Directions for this task:
In the material below, find the line containing "Cartier 1895 Diamond" and the line containing "Cool Men's Fashion". Output those two lines and all lines between them exactly, without pictures.

------------------------------------

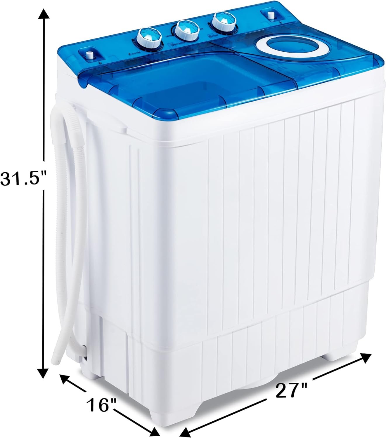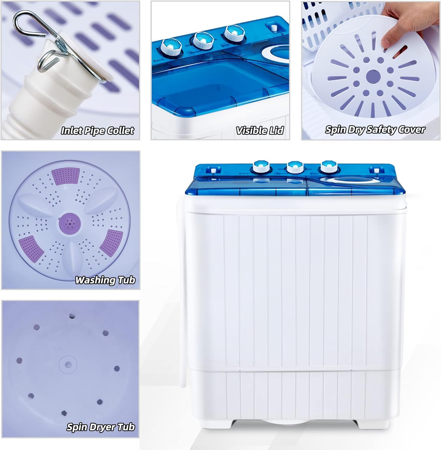 Dual motor: 280W washing power and 140w spinning power Washing tub(18lbs) and spining tub(8lbs) meets daily laundry needs Separate washing and drying functions can be controlled by different timer switches Detachable lint filter better collects lints in water Built-in drainage pump and extended drainage hose to quickly drain water
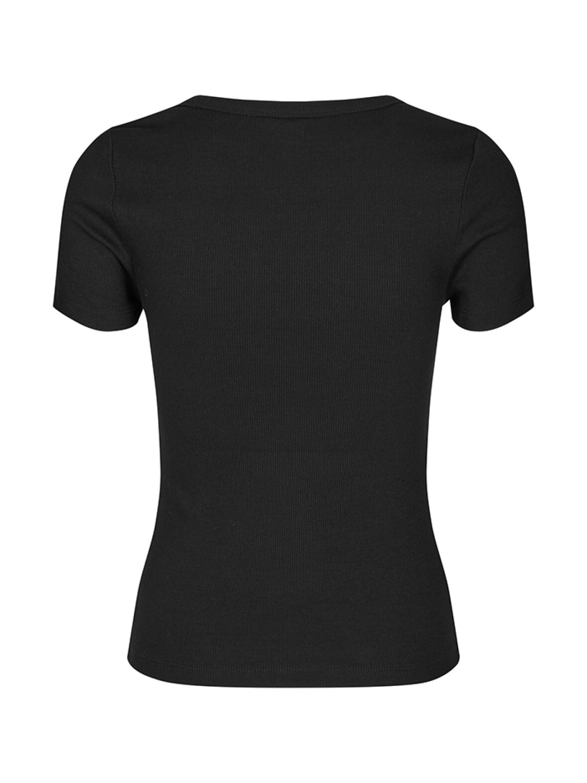 Otis-M fra mbyM er den sorte basistop, der altid redder dit outfit. Den bløde ribkvalitet i TENCEL™ Modal giver en luksuriøs, strækbar og åndbar pasform, der smyger sig flot til kroppen uden at føles stram. En uundværlig hverdagsstyle, der fungerer perfekt alene eller under skjorter, strik og jakker.
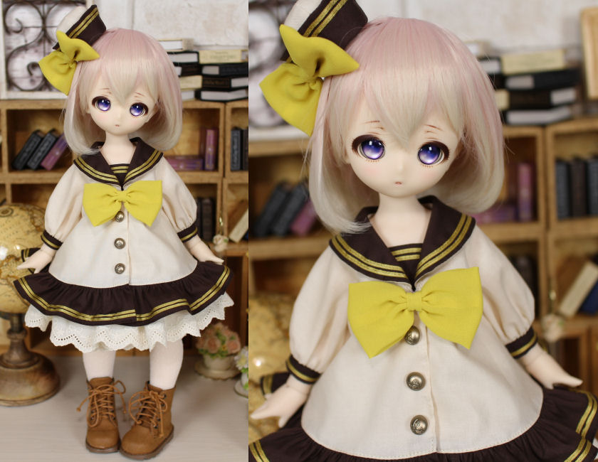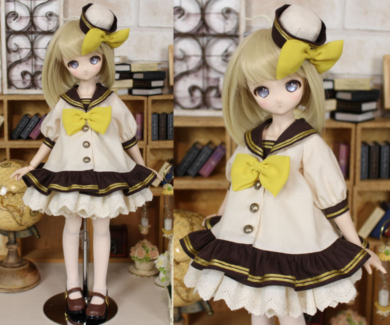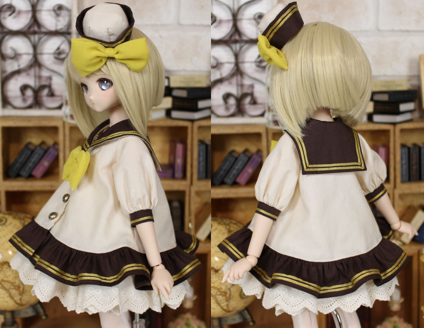 MDDとKumakoで共用できるよう作ったセーラーワンピです。 たくさんの色バリエーションで作っていて、販売継続中です(2025.1現在) 画像のカラーのみ、ラインに使っているサテンリボンがなくなったため販売終了しています。 ↓アンダースカートはパニエを兼ねていて、ボリュームたっぷりです。 ↓背が低いKumakoちゃんが着るとちまっとした感じで可愛いです。
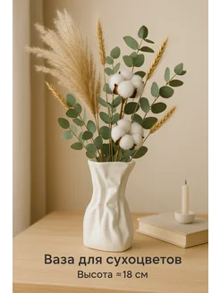 Ваза для сухоцветов интерьерная из гипса белая 16 см
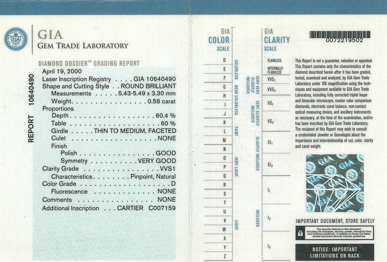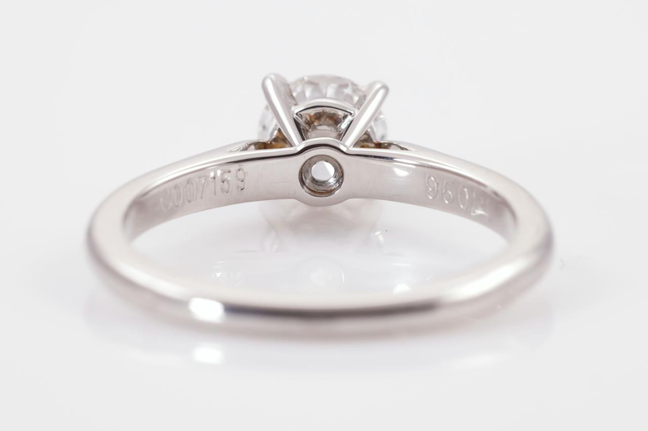 Cartier 1895 Diamond solitaire ring with a round brilliant cut Diamond of 0.58ct (With GIA summary report graded as D VVS1 #10640490). Cartier stamped size 49, I1/2 - ring resizing is not recommended. Platinum. Weight: 3.5g. With Cartier certificate dated 01/05/2001. With Cartier box. (Pre-owned)
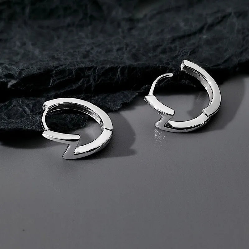 Cool Men's Fashion Lightning Ear Cuff Hip Hop Style Trendy Stud Earrings Geometric Pattern Copper Material Minimalist Jewelry - C428 Lightning Earrings
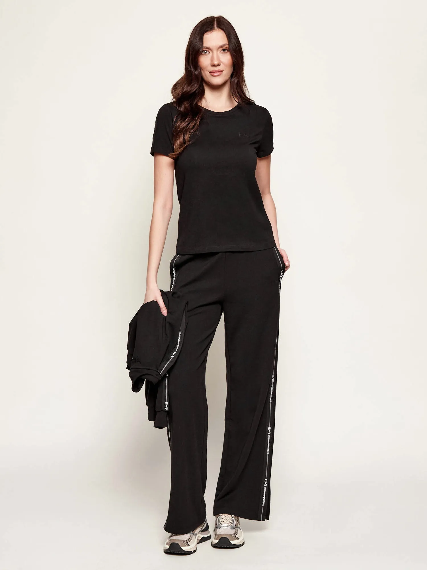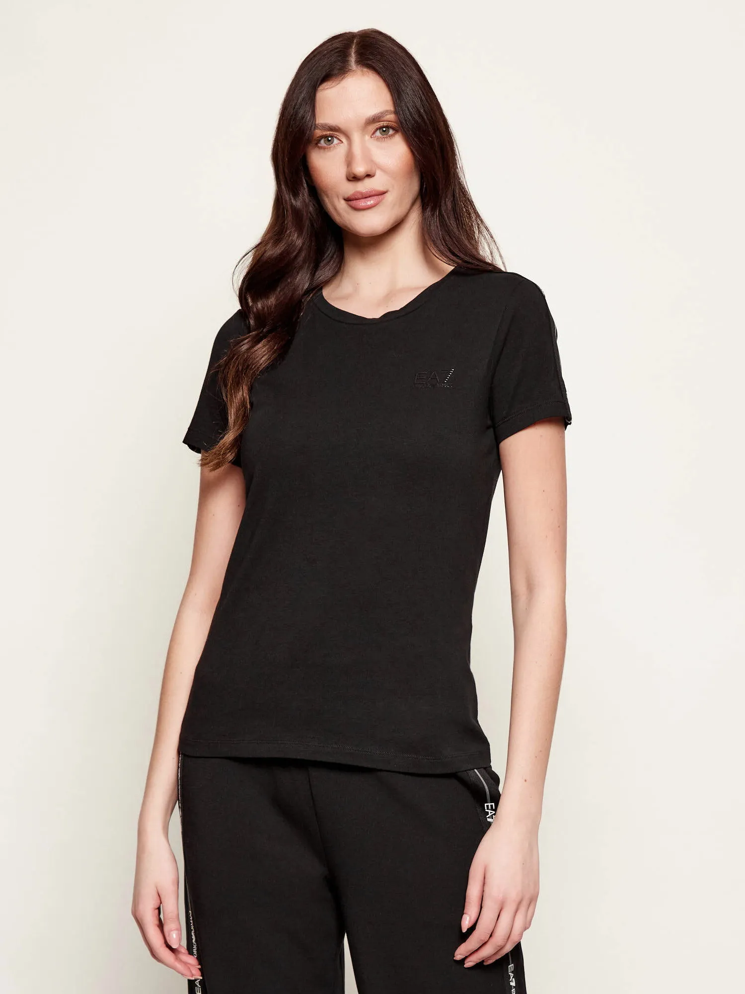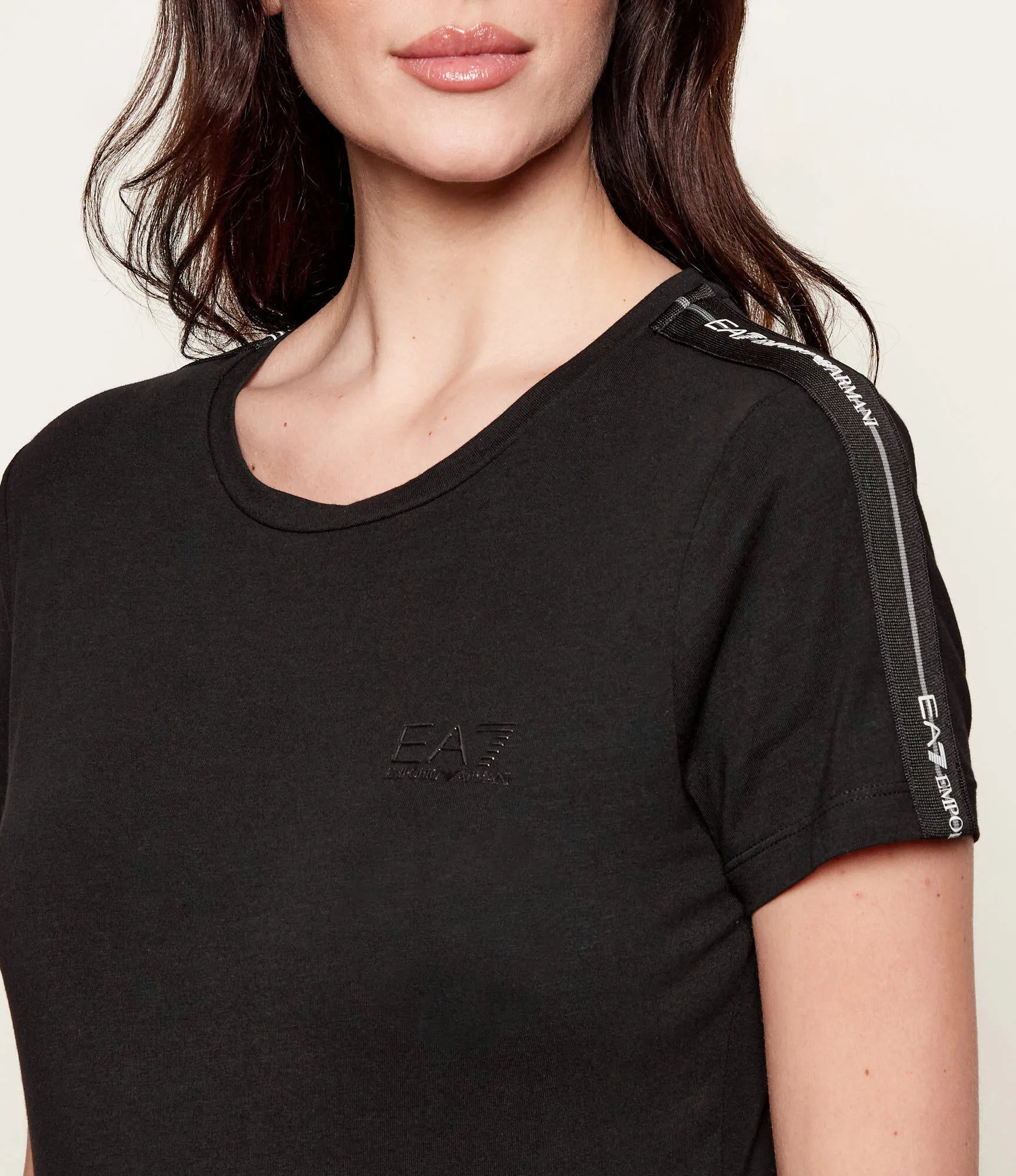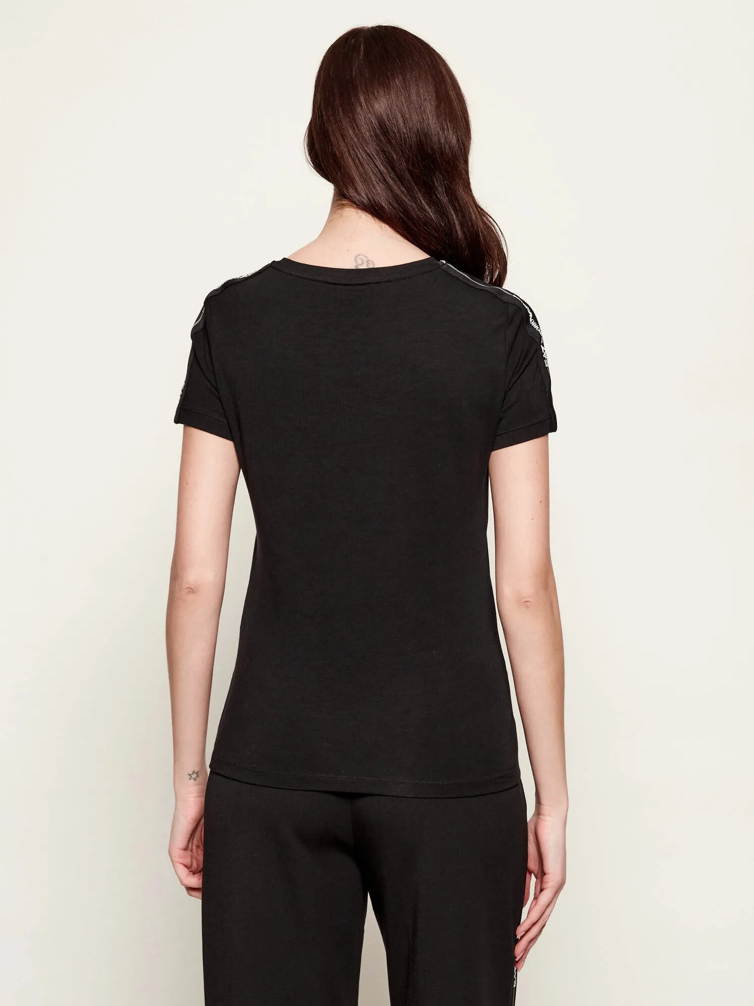 Женская футболка облегающего кроя с короткими рукавами и круглым вырезом выполнена из эластичного хлопка. Модель украшена контрастной тесьмой на рукавах. Универсальная, подходит как для тренировок, так и для повседневных образов.

------------------------------------

Response below:
 Cartier 1895 Diamond solitaire ring with a round brilliant cut Diamond of 0.58ct (With GIA summary report graded as D VVS1 #10640490). Cartier stamped size 49, I1/2 - ring resizing is not recommended. Platinum. Weight: 3.5g. With Cartier certificate dated 01/05/2001. With Cartier box. (Pre-owned)
 Cool Men's Fashion Lightning Ear Cuff Hip Hop Style Trendy Stud Earrings Geometric Pattern Copper Material Minimalist Jewelry - C428 Lightning Earrings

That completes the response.